__Information provided__

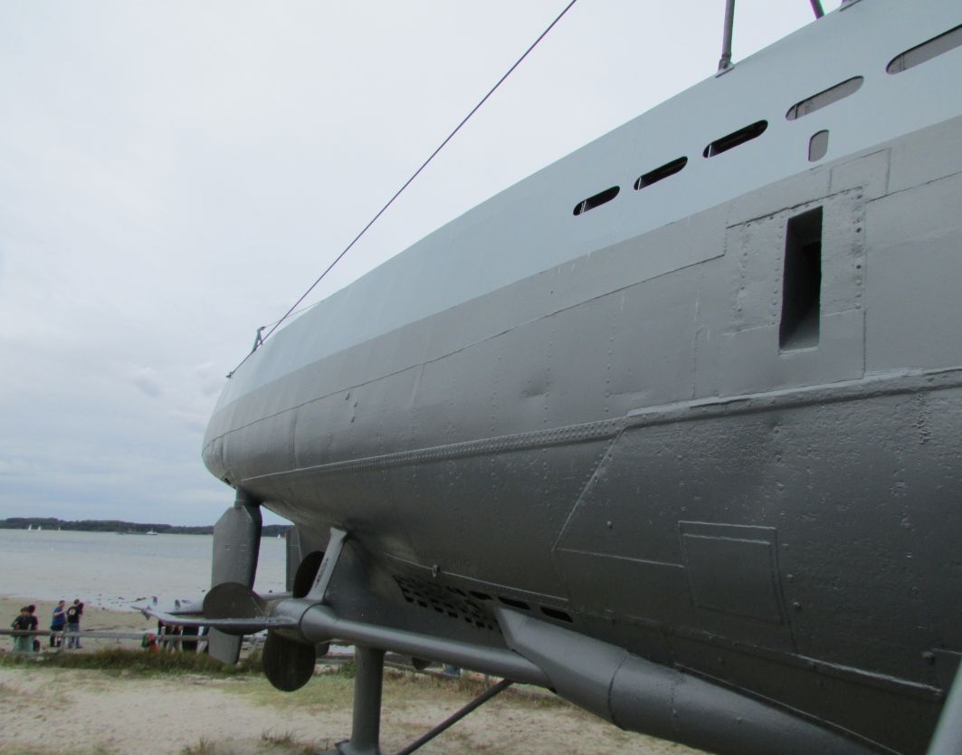 Gaben die sich immer mehr ballenden Wolken der Sonne gerade noch wenigstens eine geringe Chance, zwischen all dem Grau ein paar Strahlen zur Erde zu schicken, fallen auf meinem kurzen Weg vom Ehrenmal zum U-Boot sogar ein paar Regentropfen. Hoffentlich nimmt der „flüssige Sonnenschein“ nicht noch mehr zu.
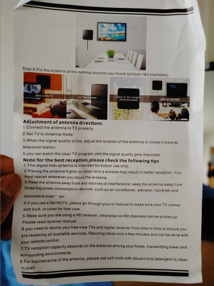 Быстрая доставка, отличный приём в городе, повесил даже за телевизором, всё работает - супер!! 20 каналов без искажений, бликов и тормозов! До этого намучился с рогаткой, ловила только более/менее 10 каналов стабильно!! Единственный минус упаковка была повреждена и остались царапины, но результат и качество картинки радует, поэтому 5⭐
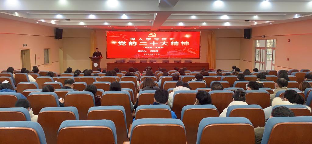本网讯 为深入学习贯彻落实党的二十大精神,确保党的二十大精神入脑入心、落地落实,12月7日下午,在锦绣校区学术报告厅,院党委委员、副院长周端明深入师生作党的二十大精神宣讲。正规滚球app平台官网、数学与统计学院全体教职工、教务处教工党支部以及部分学生党员代表现场聆听了宣讲报告。正规滚球app平台官网党委书记沈辉主持报告会。
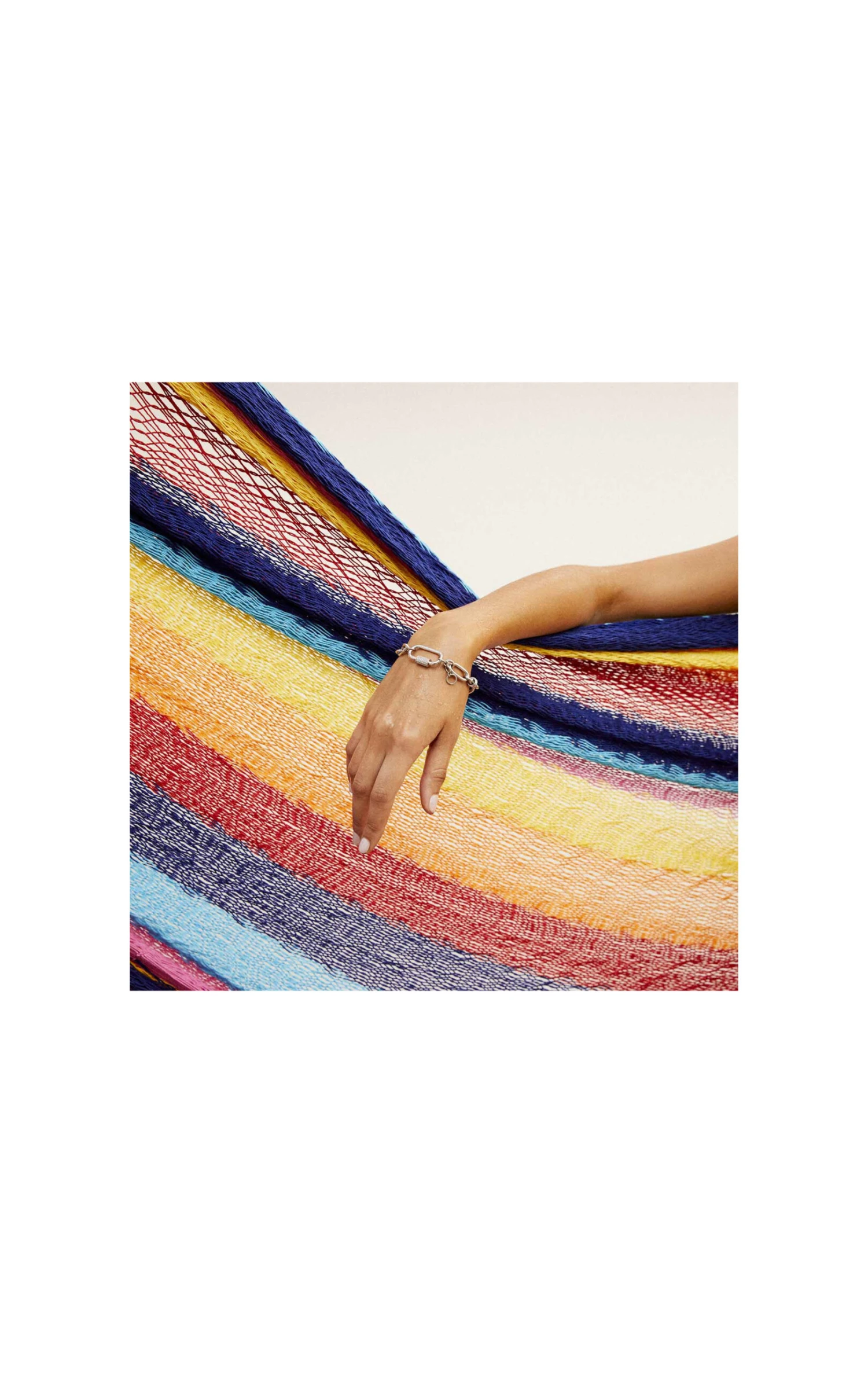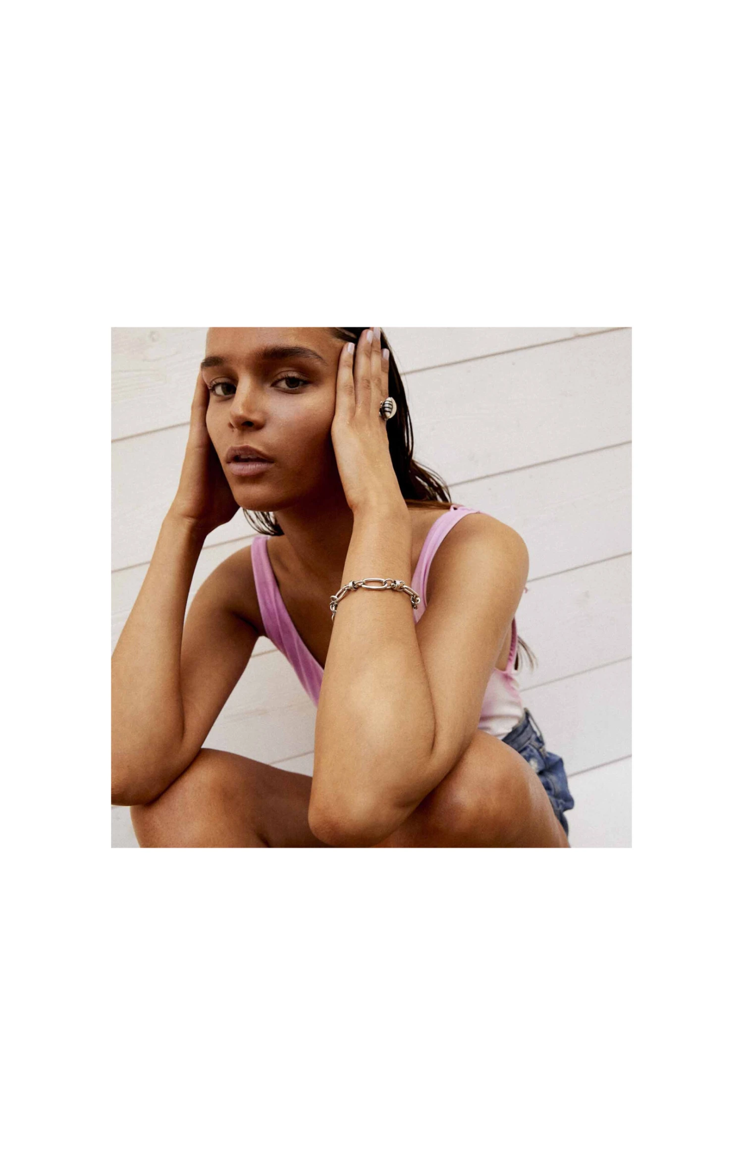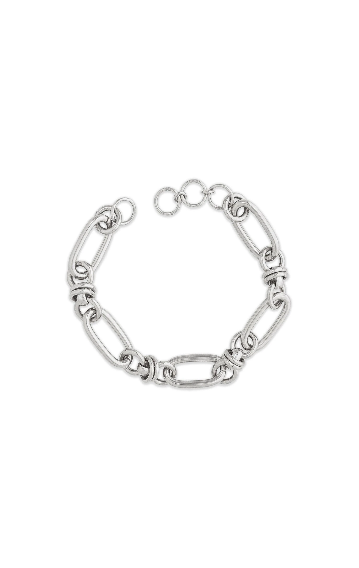 Les bracelets « CLARE » sont les liens en chaîne. Ici vous est présenté une chaîne fine de maille rectangle intercalée de trois petits anneaux, argentée au rhodium.

__Work instruction__
Starting at the top of the listing above, reproduce each line up to and including the one with "Быстрая доставка, отличный"; omit the pictures.

__Result for this exercise__
 Gaben die sich immer mehr ballenden Wolken der Sonne gerade noch wenigstens eine geringe Chance, zwischen all dem Grau ein paar Strahlen zur Erde zu schicken, fallen auf meinem kurzen Weg vom Ehrenmal zum U-Boot sogar ein paar Regentropfen. Hoffentlich nimmt der „flüssige Sonnenschein“ nicht noch mehr zu.
 Быстрая доставка, отличный приём в городе, повесил даже за телевизором, всё работает - супер!! 20 каналов без искажений, бликов и тормозов! До этого намучился с рогаткой, ловила только более/менее 10 каналов стабильно!! Единственный минус упаковка была повреждена и остались царапины, но результат и качество картинки радует, поэтому 5⭐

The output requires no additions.